--- INPUT FOR THIS TASK ---
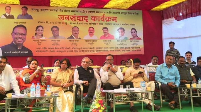 लोकमत न्यूज नेटवर्कनागपूर : सर्वांसाठी घरे योजनेत झुडुपी जंगलाच्या जागा सोडून शासकीय जागांवर अतिक्रमण करून घरे बांधलेल्या नागरिकांना १७ नोव्हेंबर २०१८ च्या परिपत्रकानुसार मालकी हक्काचे पट्टे देण्याचा निर्णय झाला आहे. नागपूर शहरात २०११ पूर्वी जे शासकीय जागेवर बसले आहेत, त्यांना हा लाभ मिळणार आहे. चार महिन्यात ९० टक्के लोकांना पट्टेवाटप क रण्यात येईल. सोबतच प्रधानमंत्री आवास योजनेच्या माध्यमातून घरे उपलब्ध केली जात आहेत. मात्र ज्यांना पट्टे वाटप करता येत नाही. अशा नदी व नाल्या काठावरील(कमांड एरिया) झोपडपट्टीधारकांसाठी शासन दिघोरी येथे ११ हजार घरे उभारणार असल्याची घोषणा पालकमंत्री चंद्रशेखर बावनकुळे यांनी सोमवारी महापालिकेच्या गांधीबाग झोन येथील जनसंवाद कार्यक्रमात केली.यावेळी महापौर नंदा जिचकार, आमदार कृष्णा खोपडे, गिरीश व्यास, उपमहापौर दीपराज पार्डीकर, स्थायी समिती अध्यक्ष वीरेंद्र कुकरेजा, माजी महापौर प्रवीण दटके, ज्येष्ठ नगरसेवक दयाशंकर तिवारी, झोन सभापती वंदना यंगटवार, आरोग्य सभापती मनोज चाफले, अप्पर आयुक्त रवींद्र ठाकरे यांच्यासह झोनमधील नगरसेवक व अधिकारी उपस्थित होते.केंद्र सरकरने सर्वसामान्यांना गंभीर आजारात उपचार मिळावे. यासाठी आयुष्यमान योजनेच्या माध्यमातून ५० कोटी लोकांचा आरोग्य विमा काढला आहे. मुख्यमंत्री देवेंद्र फडणवीस व केंद्रीय भूपृष्ठ वाहतूक मंत्री नितीन गडकरी यांच्या पुढाकाराने नागपूरसह राज्यातील लाखो लोकांना या योजनेचा लाभ मिळत असल्याचे पालकमंत्र्यांनी सांगितले.नागपूर शहरातील ५९ हजारापेक्षा कमी उत्पन्न असलेल्या २ लाख ६३ हजार केशरी कार्डधारकांना माफक दरात धान्य उपलब्ध क रण्याचा निर्णय शासनाने घेतला आहे. तसेच गॅस नसलेल्या कुटुंबांना उज्ज्वला गॅस योजनेच्या माध्यमातून गॅस सिलेंडर उपलब्ध केले जात आहे.मनपाला पुन्हा २३० कोटी मिळणारतत्कालीन मुख्यमंत्री विलासराव देशमुख यांच्या कार्यकाळात नागपूर महापालिकेला विकास कामासाठी दरवर्षी २५ कोटी देण्याचा निर्णय घेण्यात आला होता. मात्री मागील काही वर्षात ही रक्कम मिळाली नाही. ३८० कोटींची थकबाकी देण्याचा निर्णय राज्य सरकारने घेतला. यातील १५० कोटी देण्यात आले. लवकरच उर्वरित २३० कोटी महापालिकेला मिळणार असल्याची माहिती पालकमंत्र्यांनी यावेळी दिली. तसेच जीएसटी अनुदानात ४० कोटींनी वाढ करण्यात आल्याचे त्यांनी सांगितले.मिशन मोडवर विकास कामेनागपूर शहराचा चौफेर विकास व्हावा, यासाठी मुख्यमंत्री देवेंद्र फडणवीस, केंद्रीय मंत्री नितीन गडकरी व आम्ही काम करीत आहोत. महापालिकेची आर्थिक स्थिती विचारात शहरातील नागरिकांना उत्तम दर्जाच्या मूलभूत सुविधा उपलब्ध व्हाव
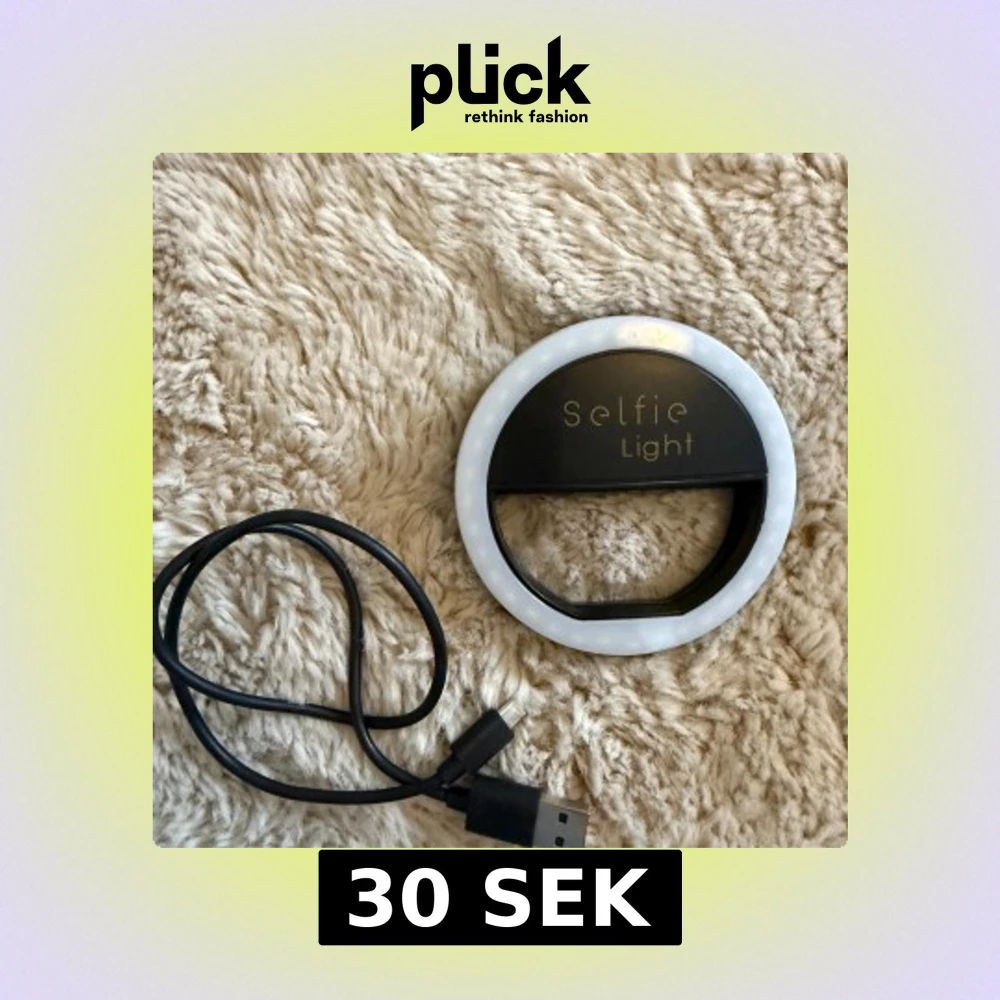 Selfie Light ringlampa i svart och vitt, perfekt för att få flawless ljus till selfies eller sminkvideos. Laddas med USB- c, vilket tillkommer. Har en klämma som går att sätta fast ovanpå telefonen.
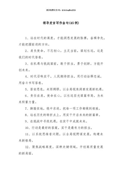 / 【七哥公文】2024年:(45例)领导发言写作金句+更多免费公文+VX:QiGeGongWen2024
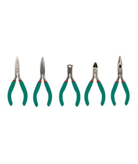 Este conjunto de 5 alicates de precisão é a melhor adição ao seu arsenal de ferramentas. ¶Inclui tudo o que é necessário para várias tarefas de precisão, quer se trate de cortar, dobrar ou agarrar materiais.¶¶Cada conjunto inclui cinco alicates de precisão essenciais, incluindo um cortador lateral, um cortador de extremidades, um alicate de bico redondo, um alicate de bico plano e um alicate de bico longo. ¶¶Materiais de alta qualidade: Os alicates são fabricados em aço cromo-vanádio (CrV) durável, garantindo uma utilização duradoura e resistência ao desgaste.¶¶Design ergonómico: Cada ferramenta foi concebida tendo em conta o conforto e a facilidade de utilização, permitindo-lhe trabalhar sem esforço e com precisão.¶¶Isolamento: Para maior segurança, estes alicates são isolados, o que os torna adequados para trabalhos eléctricos sem risco de choques elétricos.¶¶Multifuncional: Quer esteja a trabalhar em eletrónica, construção de modelos, joalharia ou outros projectos de precisão, estes alicates proporcionam a versatilidade e a precisão de que necessita.¶¶Alicate de bico longo: 125 mm (5")¶Alicate de bico torto: 125 mm (5")¶Alicate de bico chato: 125 mm (5")¶Cortador diagonal: 110 mm (4,5")¶Cortador superior: 110 mm (4,5") ¶¶
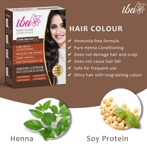 HomeHealth & PersonalHair CareNatural Hair ColorIba Hair Colour for Women - Dark Brown, 70g (Pack of 2) | 100% Pure Henna Based Powder Sachet | Natural Hair Colour & Long Lasting with Conditioning Formula| Reduced Hair Fall & Hair Damage | Shine & Nourish Hair | Free from Ammonia and Other Harmful Chem
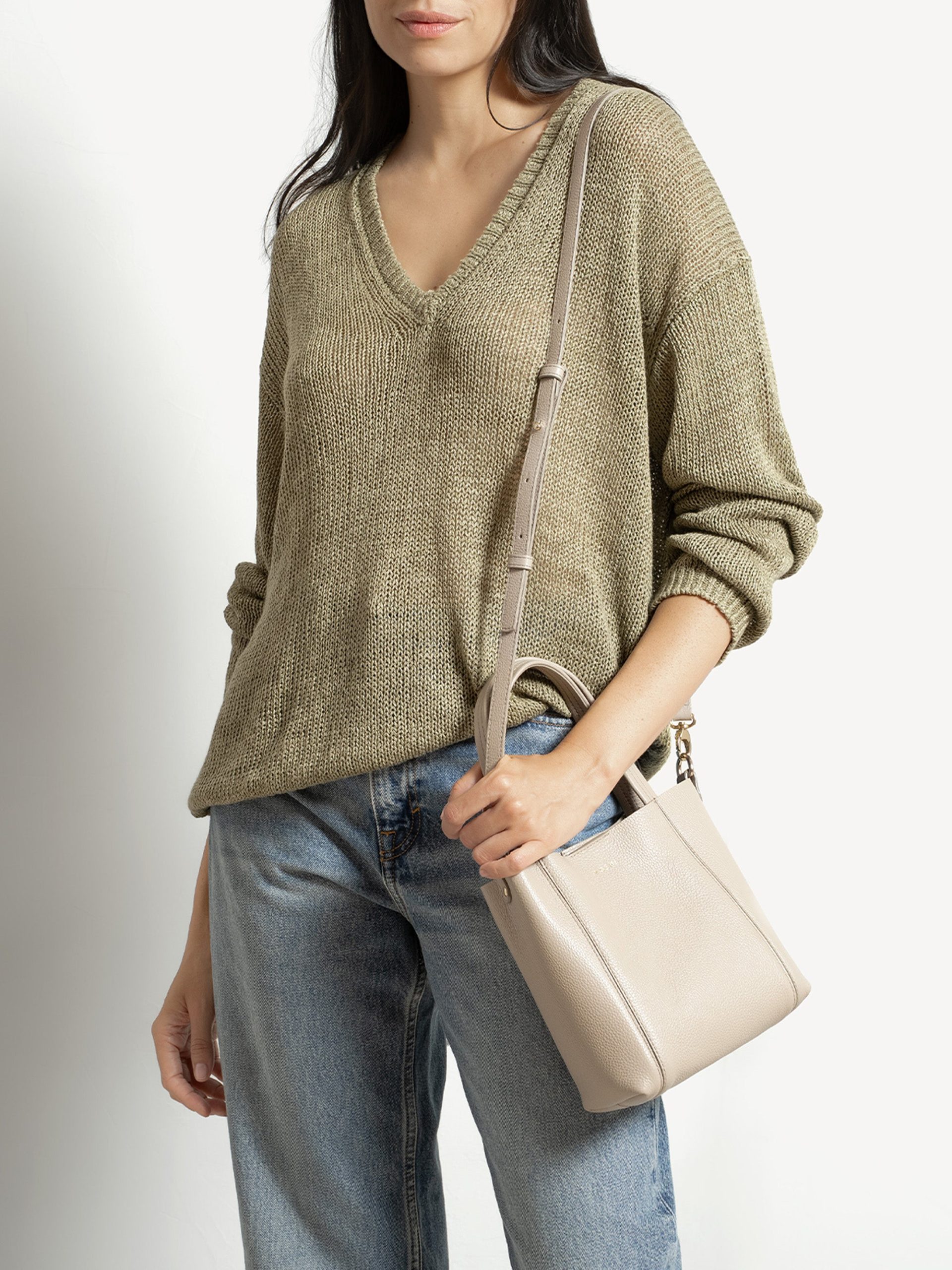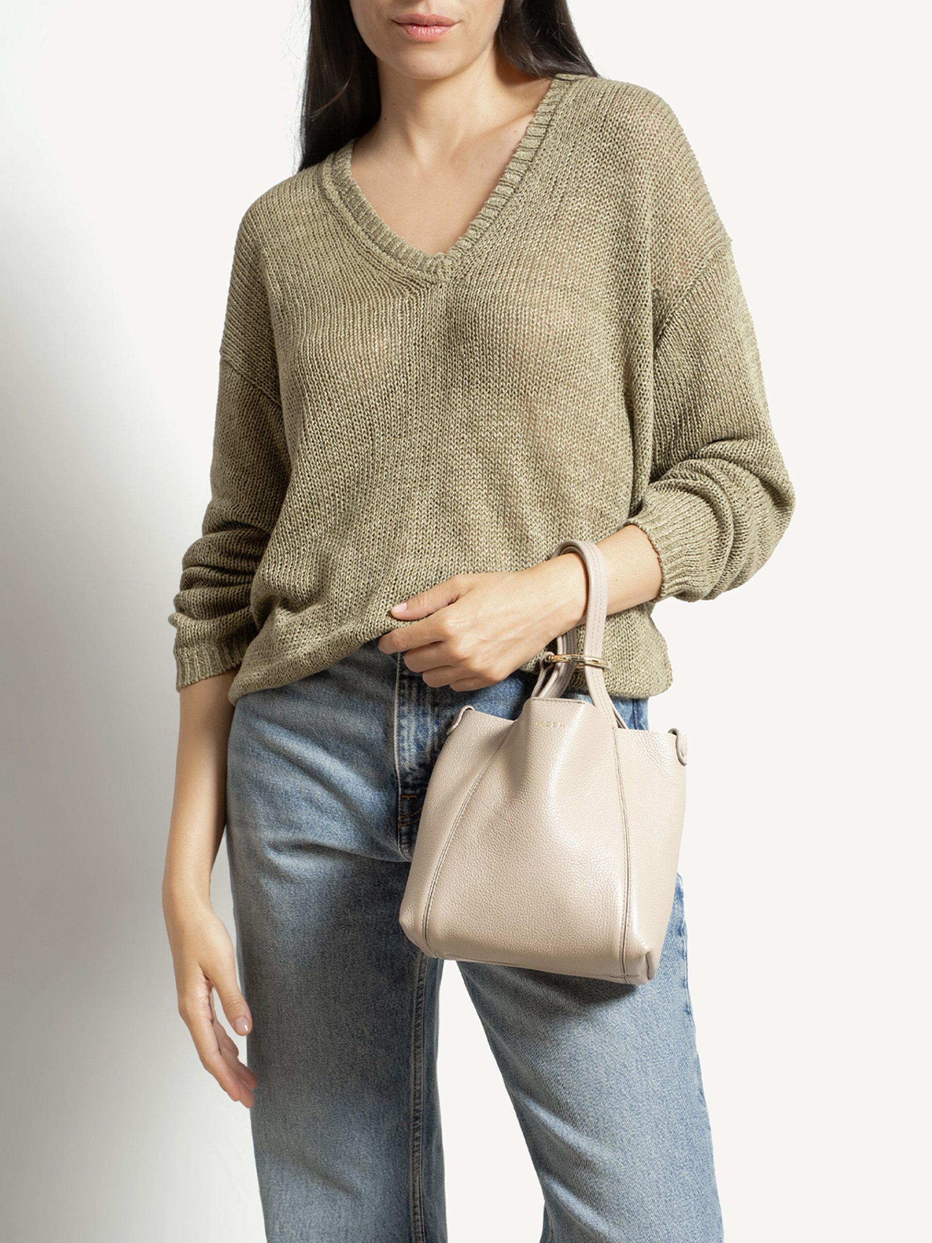Crafted from double-faced Italian tumbled leather, The Lola Small Convertible Tote is perfectly slouchy and sized just-right for your daily essentials: phone, wallet, sunglasses, lipstick, and a little extra. Wear it as a crossbody, carry it as a mini tote, or pull the top handles through the attached metal ring to cre
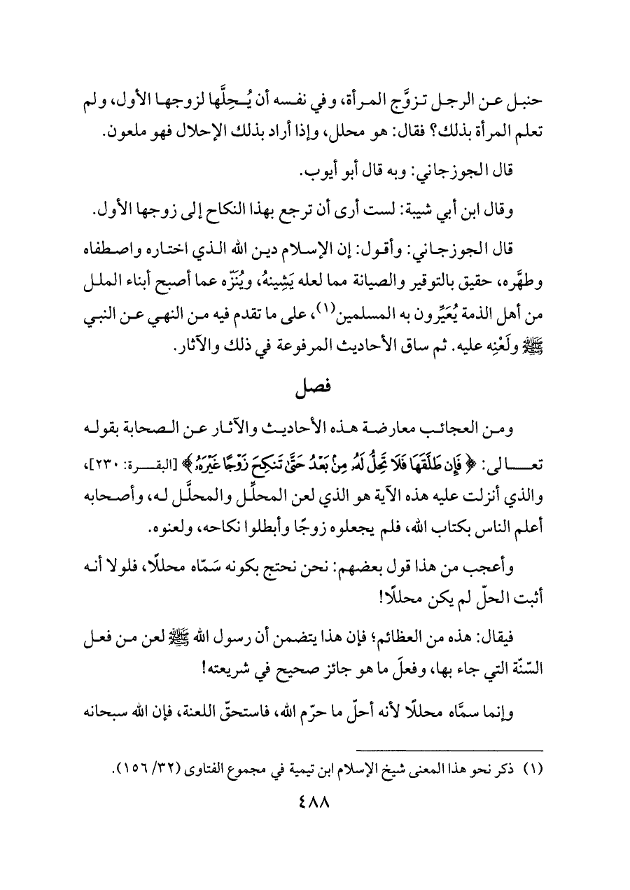 ومن العجائب معارضة هذه الأحاديث والآثار عن الصحابة بقوله تعالى: {فَإِنْ طَلَّقَهَا فَلَا تَحِلُّ لَهُ مِنْ بَعْدُ حَتَّى تَنْكِحَ زَوْجًا غَيْرَهُ} [البقرة: ٢٣٠]،
---
In the records above, find the line with "Selfie Light ringlampa". Print exactly from there through the line with "HomeHealth & PersonalHair", minus the pictures.

**EXERCISE RESPONSE**
 Selfie Light ringlampa i svart och vitt, perfekt för att få flawless ljus till selfies eller sminkvideos. Laddas med USB- c, vilket tillkommer. Har en klämma som går att sätta fast ovanpå telefonen.
 / 【七哥公文】2024年:(45例)领导发言写作金句+更多免费公文+VX:QiGeGongWen2024
 Este conjunto de 5 alicates de precisão é a melhor adição ao seu arsenal de ferramentas. ¶Inclui tudo o que é necessário para várias tarefas de precisão, quer se trate de cortar, dobrar ou agarrar materiais.¶¶Cada conjunto inclui cinco alicates de precisão essenciais, incluindo um cortador lateral, um cortador de extremidades, um alicate de bico redondo, um alicate de bico plano e um alicate de bico longo. ¶¶Materiais de alta qualidade: Os alicates são fabricados em aço cromo-vanádio (CrV) durável, garantindo uma utilização duradoura e resistência ao desgaste.¶¶Design ergonómico: Cada ferramenta foi concebida tendo em conta o conforto e a facilidade de utilização, permitindo-lhe trabalhar sem esforço e com precisão.¶¶Isolamento: Para maior segurança, estes alicates são isolados, o que os torna adequados para trabalhos eléctricos sem risco de choques elétricos.¶¶Multifuncional: Quer esteja a trabalhar em eletrónica, construção de modelos, joalharia ou outros projectos de precisão, estes alicates proporcionam a versatilidade e a precisão de que necessita.¶¶Alicate de bico longo: 125 mm (5")¶Alicate de bico torto: 125 mm (5")¶Alicate de bico chato: 125 mm (5")¶Cortador diagonal: 110 mm (4,5")¶Cortador superior: 110 mm (4,5") ¶¶
 HomeHealth & PersonalHair CareNatural Hair ColorIba Hair Colour for Women - Dark Brown, 70g (Pack of 2) | 100% Pure Henna Based Powder Sachet | Natural Hair Colour & Long Lasting with Conditioning Formula| Reduced Hair Fall & Hair Damage | Shine & Nourish Hair | Free from Ammonia and Other Harmful Chem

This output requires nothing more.